Serangan, yang dikaitkan dengan aktor ancaman Vietnam, dikatakan telah dimulai pada paruh kedua tahun 2021, dengan target utama adalah individu dengan peran manajerial, pemasaran digital, media digital, dan sumber daya manusia di perusahaan.

Keamanan cyber

Idenya adalah untuk menargetkan karyawan dengan akses tingkat tinggi ke akun Facebook Business yang terkait dengan organisasi mereka, menipu mereka agar mengunduh informasi iklan Facebook yang dihosting di Dropbox, Apple iCloud, dan MediaFire.

Dalam beberapa kasus, file arsip yang berisi muatan berbahaya juga dikirimkan ke korban melalui LinkedIn, yang pada akhirnya memungkinkan penyerang mengambil alih akun Facebook Business.

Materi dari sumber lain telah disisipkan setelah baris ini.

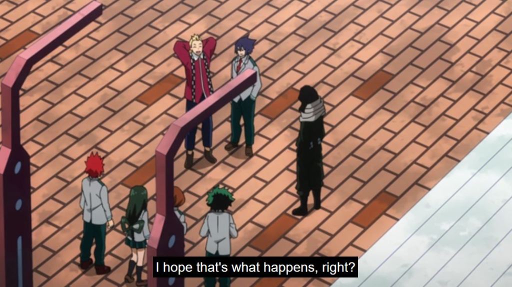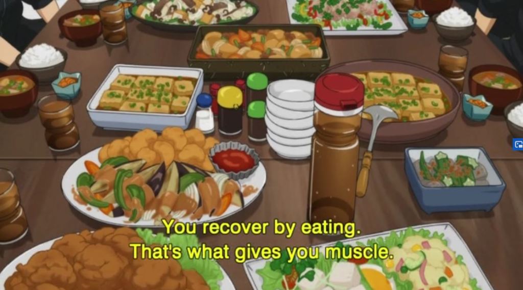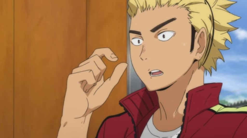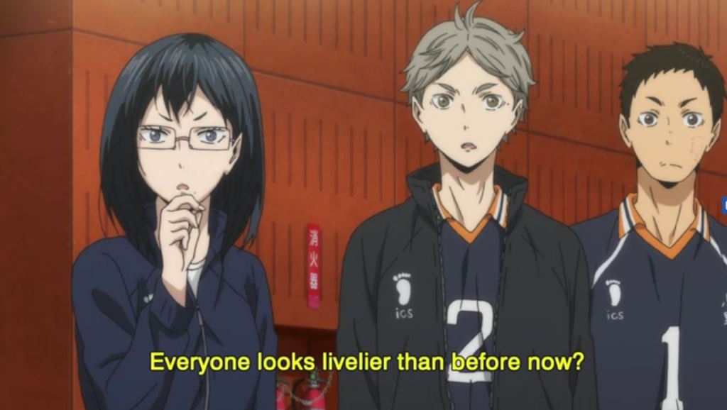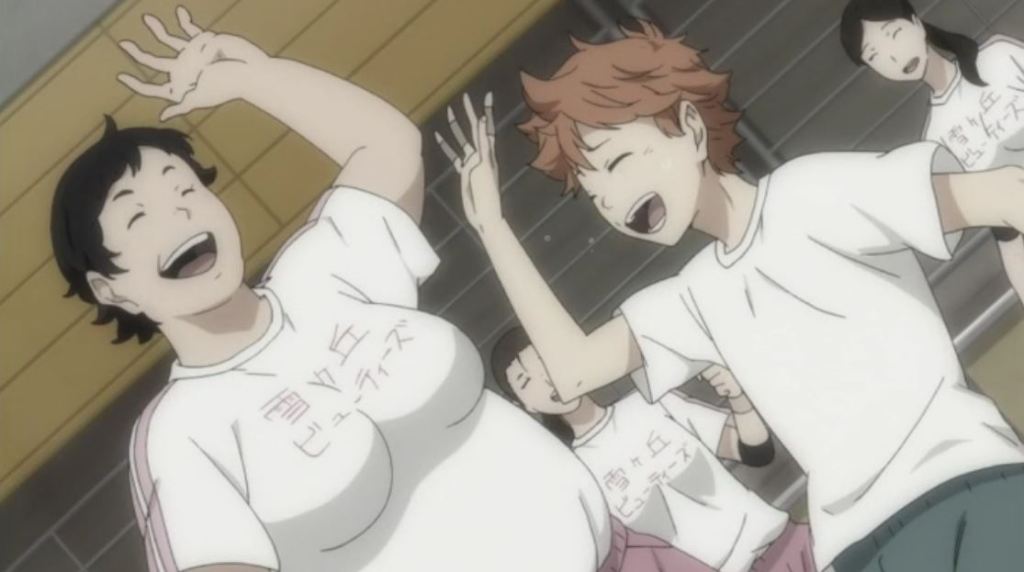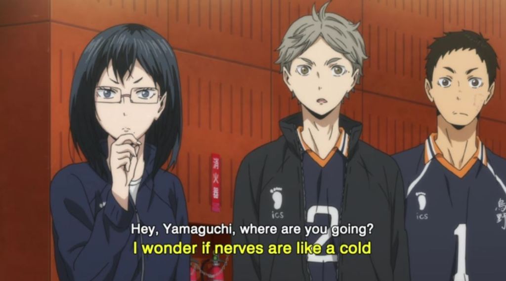 What do you do when you’re nervous or stressing out? Changing your focus and envisioning a positive outcome can help. Practice and trust in your training. Faith. Meditation. Music. Movement, like running or yoga. Rest. There are a lot of ways people handle nervous energy. Or you could view it as excitement. Sometimes our tummies can give away our nervousness. Hinata knows that very well. I’m watching Season Two of Haikyu on Hulu. In this episode, Yamaguchi is nervous about playing in the spring tournament. The thought of him repeating his blunder from the last competition makes him anxious. Yachi tries to cheer him up, but as he tells her about his ordeal, his anxiety quickly transfer to her. The group tries to make sense of it. Having experienced that on the receiving end, I totally get it. So maybe Shimizu’s guess was pretty accurate. Of course Hinata can’t resist poking at Kageyama!
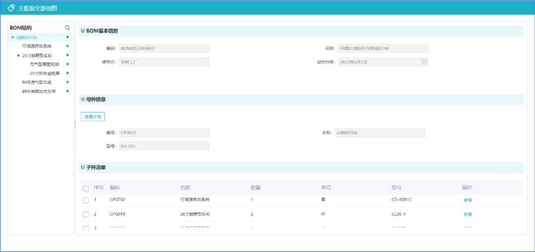针对制造行业中常见的BOM类型主数据的管理,可在产品中通过引用现有各类主数据实现物料组成关系,同时可以通过表单填报完善数据信息。
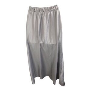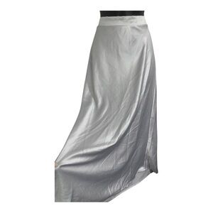 Beautiful silver metallic banded waist bias cut satin effect maxi skirt size Medium new

Malware pencuri informasi yang ditulis dalam .NET Core, biner direkayasa untuk menggunakan Telegram untuk perintah-dan-kontrol dan eksfiltrasi data. WithSecure mengatakan telah mengidentifikasi delapan saluran Telegram yang digunakan untuk tujuan ini.

Meretas Akun Bisnis Facebook

Ia bekerja dengan memindai browser yang diinstal seperti Google Chrome, Microsoft Edge, Brave Browser, dan Mozilla Firefox untuk mengekstrak semua cookie yang disimpan dan token akses, di samping mencuri informasi dari akun Facebook pribadi korban seperti nama, alamat email, tanggal lahir , dan ID pengguna.

Related Post :   Mengambil Pendekatan Berbasis Risiko untuk Patching Kerentanan

Juga dijarah adalah data dari bisnis dan akun iklan yang terhubung ke akun pribadi korban, memungkinkan musuh untuk membajak akun dengan menambahkan alamat email yang dikendalikan aktor yang diambil dari saluran Telegram dan memberikan akses editor Admin dan Keuangan kepada diri mereka sendiri.

Meskipun pengguna dengan peran Admin memiliki kontrol penuh atas akun Facebook Business, pengguna dengan izin editor Keuangan dapat mengedit informasi kartu kredit bisnis dan detail keuangan seperti transaksi, faktur, pembelanjaan akun, dan metode pembayaran.

Keamanan cyber

Data telemetri yang dikumpulkan oleh WithSecure menunjukkan pola penargetan global yang mencakup sejumlah negara, termasuk Filipina, India, Arab Saudi, Italia, Jerman, Swedia, dan Finlandia.

Yang mengatakan, perusahaan mencatat itu “tidak dapat menentukan keberhasilan, atau kekurangannya” dari kampanye Ducktail, menambahkan itu tidak dapat menentukan berapa banyak pengguna yang berpotensi terpengaruh.

Administrator Facebook Business disarankan untuk meninjau izin akses mereka dan menghapus pengguna yang tidak dikenal untuk mengamankan akun.

Temuan ini merupakan indikator lain tentang bagaimana aktor jahat semakin mengandalkan aplikasi perpesanan yang sah seperti Discord dan Telegram, menyalahgunakan fitur otomatisasi mereka untuk menyebarkan malware atau memenuhi tujuan operasional mereka.

“Terutama digunakan bersama dengan pencuri informasi, penjahat dunia maya telah menemukan cara untuk menggunakan platform ini untuk meng-host, mendistribusikan, dan menjalankan berbagai fungsi yang pada akhirnya memungkinkan mereka mencuri kredensial atau informasi lain dari pengguna yang tidak menaruh curiga,” kata Intel 471 Selasa.

Related Post :   Awas! Peneliti Menemukan Eksploitasi Zero-Day Microsoft Office Baru di Alam Liar


Tinggalkan Balasan

Alamat email Anda tidak akan dipublikasikan.